Ein überaus gut besuchter Heimatabend


Mühlau:

«E Bluemestruss voll Freud» ist das Motto des Heimatabends der Trachtengruppe Mühlau. Heute Freitag und morgen Samstag stehen nochmals zwei Aufführungen auf dem Programm.

ew. Die Turnhalle in Mühlau war am Samstagabend rappelvoll und alle warteten gespannt auf die Darbietungen der Trachtengruppe. Den Anfang machte die Kindertanzgruppe unter der Leitung von Cornelia Hintermann und Lydia Peter. Sie wurde musikalisch begleitet vom Schwyzerörgeliduo Betschart und den Kwätschkomode-Juniorinnen aus Mühlau.

Nachdem sich die Kinder in die Herzen der Zuschauerinnen und Zuschauer getanzt hatten, folgte die Chorgemeinschaft von Franziska Janett mit den Liedern «Bajazzo», «D’ Wält wär voll Blueme» von Peter Räber und «Heitere Fahne» von Marc Trauffer.

Anspruchsvolle Tänze

Zwischendurch führten Nicole Christen und Jonas Wettstein mit ihren Ansagen durch den Abend. Danach waren die acht Paare der Tanzgruppe an der Reihe. Was auf den ersten Blick locker und leicht aussah, war für die Tänzerinnen und Tänzer anstrengend und schweisstreibend. Vor allem die Formation mit dem Kreis, wo die Männer die Frauen sozusagen auf Händen trugen und sie dabei wie auf einer Schaukel nach vorn und hinten schwangen, war harte Arbeit.

Als vierte Formation des Abends trat das Rüsstaler Jodelchörli unter der Leitung von Trudy Strebel auf die Bühne. Das Publikum war vom schönen Gesang so angetan, dass es bereits eine erste Zugabe verlangte. Danach durften auch die Kinder nochmals antreten. Die Choreographie wurde immer schwieriger, was bei einigen für kurzzeitige Verwirrung sorgte.

Fulminantes Schlussbouquet

Danach sang die Chorgemeinschaft «Blick zum Himmel» und die Tanzgruppe tanzte dazu. Auch die Kinder gesellten sich hinzu und alle sangen, jodelten, tanzten, «löffeleten und chlefeleten» gemeinsam auf der Bühne. Dabei kamen auch Besen zum Einsatz.
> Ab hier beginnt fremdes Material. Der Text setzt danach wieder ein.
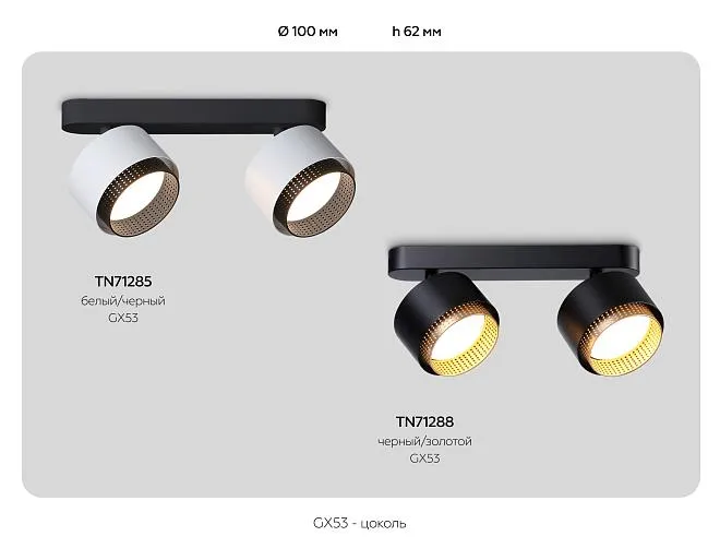 | Рекомендуемый тип лампы | GX53 LED max 12 Вт |

Mit diesem Schlussbouquet verabschiedeten sich die Tanz- und Gesangsformationen. Es war auffallend, dass von den 40 Teilnehmerinnen und Teilnehmern auch viele jüngere Zeitgenossinnen und – genossen aktiv in der Trachtengruppe tätig sind. Das ist sich auch die Präsidentin Beatrice Christen bewusst: «Viele Trachtengruppen beneiden uns, weil wir so viele Junge haben. Dazu kommen noch die 20 Kinder.»

Das Theater zum Abschluss

Ganze Familien und vier Generationen setzen sich für die Trachtengruppe Mühlau ein. Viele von ihnen spielten anschliessend auch im Theaterstück «Alles beschtens greglet!» mit. Dabei glänzte vor allem Kari Hintermann als Anton, mit seiner rebellischen Art und Erika Huwiler, als Nachbarin, die alles klaut, was sich ihr in den Weg stellt - sehr zur Freude des Publikums.

Wer sich den nostalgischen und stimmungsvollen Heimatabend ansehen möchte, kann dies heute Abend tun. Ein paar wenige Plätze sollte es noch haben. Die letzte Aufführung am Samstag sei jedoch bereits ausverkauft, sagte die Präsidentin.